I regarded the securely locked bathroom door with interest. It looked innocent enough, complete with chipping off-white paint, plastic door knob and metal coat hook. But I knew better. There was something lurking behind that door, waiting for me to step ignorantly out of it. I could feel an evil presence looming on the other side of that door. The door stared at me smugly, knowing sooner or later, I would be forced to open it. Gathering my nerve, I reached forward and grabbed the offending knob. A sudden whoosh of reality accosted me, making me, for a split second, think that there was nothing to be afraid of - that the world was a generally nice place to live. Luckily, it went away almost immediately. I slowly turned the knob to the right, tensing my muscles, ready to spring. As I felt the latch clear its hole in the frame, I threw the door wide open, at the same time the muscles in my legs bunched and I threw myself out the door, rolled twice on the carpet and came up on the balls of my feet. My dog regarded me with interest, wagged its tail forlornly and went back to dreaming of milk bones and long stretches of unoccupied legs.

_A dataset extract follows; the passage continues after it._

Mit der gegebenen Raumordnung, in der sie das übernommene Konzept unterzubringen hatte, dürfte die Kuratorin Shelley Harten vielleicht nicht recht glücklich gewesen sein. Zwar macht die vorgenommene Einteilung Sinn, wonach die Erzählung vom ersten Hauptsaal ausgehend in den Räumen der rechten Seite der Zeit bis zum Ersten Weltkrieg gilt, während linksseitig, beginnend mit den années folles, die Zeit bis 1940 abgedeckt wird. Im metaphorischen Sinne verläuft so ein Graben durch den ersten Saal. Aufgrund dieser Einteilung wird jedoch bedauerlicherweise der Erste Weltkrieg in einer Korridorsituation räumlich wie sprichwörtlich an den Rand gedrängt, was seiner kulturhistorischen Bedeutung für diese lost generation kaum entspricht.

Swivelling on the balls of my feet, I checked out the corridor. It seemed empty, but I couldn't be sure. She could be lurking anywhere, cue cards and defoliant scrub at the ready. I idly picked at the crusted remains of the slime on my pyjamas, turning to walk down the stairs, nerves twisted as tight as a Scotsmans wallet. I went down the stairs to the kitchen, feeling that a midnight snack would calm my nerves and give me energy in case I had to make a quick escape. I violently opened the door of the refrigerator, seeing nothing of interest I tugged open the door to the freezer, only to have several litres of Pralines and Cream ice cream start puddling and congealing on the tiles.

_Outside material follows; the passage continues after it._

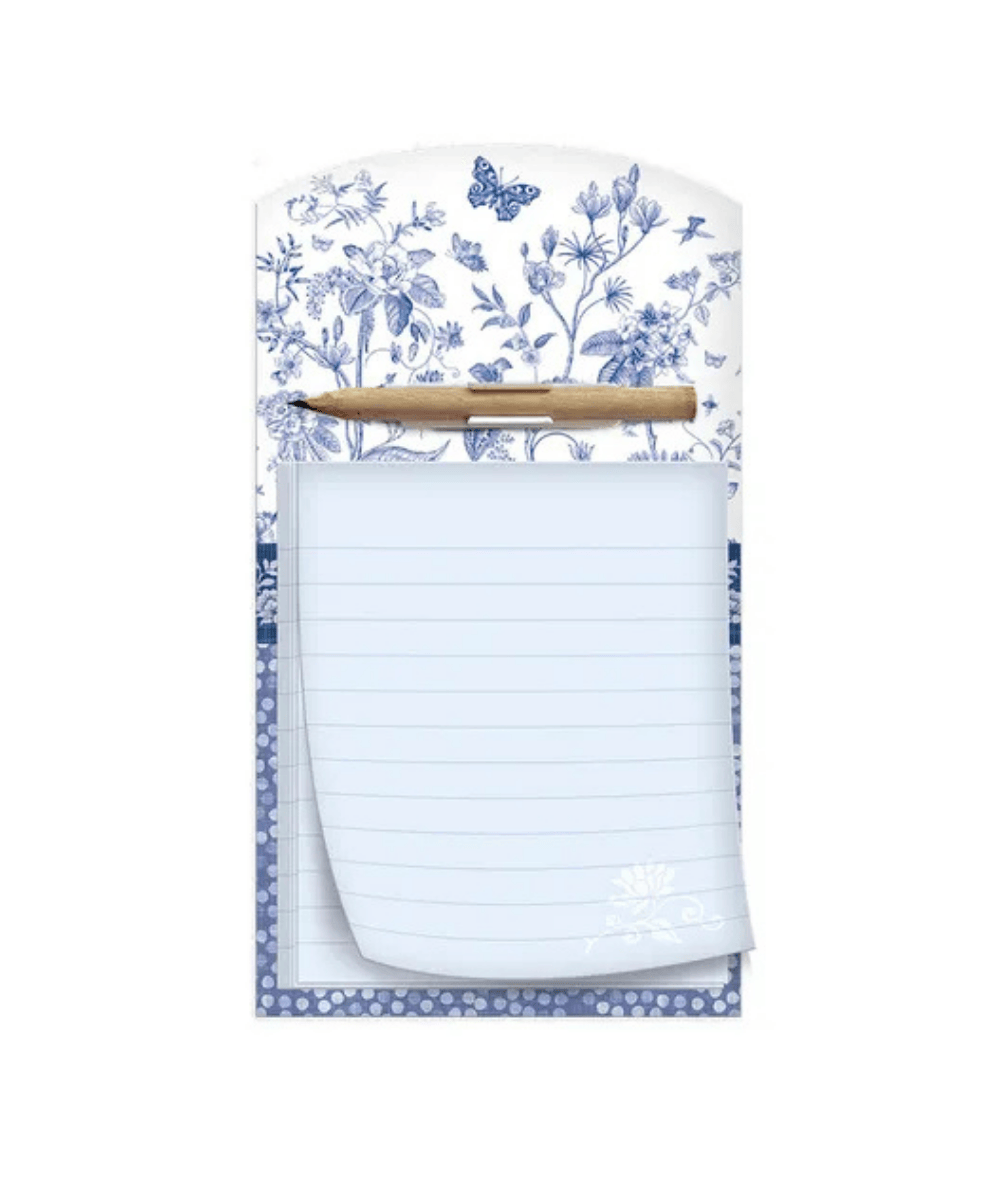 Subtelny i urokliwy – magnetyczny notes Bloom od Argus wprowadzi lekkość i świeżość do Twojej codzienności. Jasne, białe tło ozdobione niebieskimi kwiatami i motylami tworzy delikatny, przyjemny dla oka wzór. Dzięki mocnemu magnesowi łatwo przymocujesz go do lodówki, a dołączony ołówek sprawi, że zapiski zawsze będą pod ręką.

I threw my hands up in the air in disgust. I turned the handle on the pantry door, pulling in one smooth motion. Suddenly my world exploded in a vision of olive-drab, khaki and aesthetically pleasing bottles. I landed on my back with a wet <sputz> in the puddle of congealed pralines. A tentative <splat> was heard as a partially dethawed pork chop fell on my head.

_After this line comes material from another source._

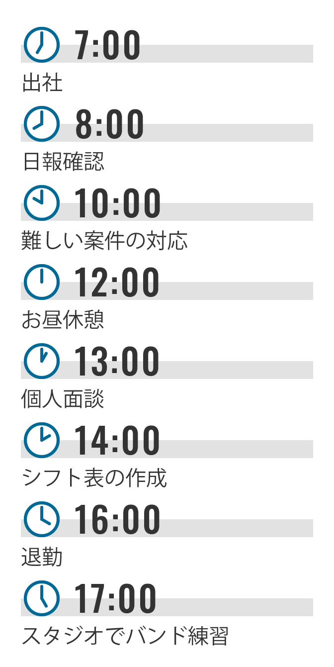 バンド業界未経験でしたが、やる気があれば責任ある仕事も任せてもらえます。私は管理職としてチームのメンバーをまとめています。日報や面談から、メンバーのスキルや悩みを把握し、人員配置やフォローアップをしています。

My sister sat on my chest, knees digging into my ribs. She held a large plastic flip chart with pictures of her products being displayed by cartoon characters. She was dressed in battle fatigues, bandoliers stuffed with tubes of Noskin hung across her chest. A large camouflage bush hat sat on her head, a button proclaiming "(No) Skin a Friend Today!". I screamed in pain as she flipped to a picture of Merv the Marvelous Moisterizer Man. Summoning all my strength, I bucked like a bull on speed, throwing her off temporarily. She landed to one side, recovering quickly she took on a battle stance, one hand reaching for a tube of defoliant scrub. I feinted to one side, burst to the other, grabbing my keys off the counter behind her. I burst out the front door, pulling a cedar tree down behind me as I ran. She followed out the door not seeing the tree in her path. I laughed as I saw her plant her face in my friends, the petunias. I jumped on the back of my bike, thrust the key into the ignition and started it up. It burst into life with a low rumble, the mufflers not exactly legal. I jammed it into gear, letting the throttle out with a loud braakk-brakk-braaaak. I saw her running after me in my rear view, throwing small pots of noskin as I pulled away. I turned around the corner to what I assumed was safety.

I had driven for about fifteen minutes when I began to hear it. It was a loud, earth shaking rumble. It seemed to be coming from behind me somewhere, deafening even through my helmet. I looked around tentatively, slowing my Honda slightly. I dropped back into fourth gear, coasting along the empty highway, trying to focus on the source of the noise. I sped past a 3 way intersection, the roar getting steadily louder. As I flew past the side road, it grew louder then faded away as I left it behind. Suddenly, a blinding light caught the corner of my eye, reflected off my rear view mirror. A car burst out of the side road, sliding sideways, rear wheels spinning on the asphalt. It righted itself with a jerk and the roar grew louder as it began to accelerate towards me. It grew closer and closer. I dropped down another gear, gunning the throttle to gain a lead on whatever it was. I tugged on the throttle again as I changed up another gear. Still it neared, lights blindingly bright.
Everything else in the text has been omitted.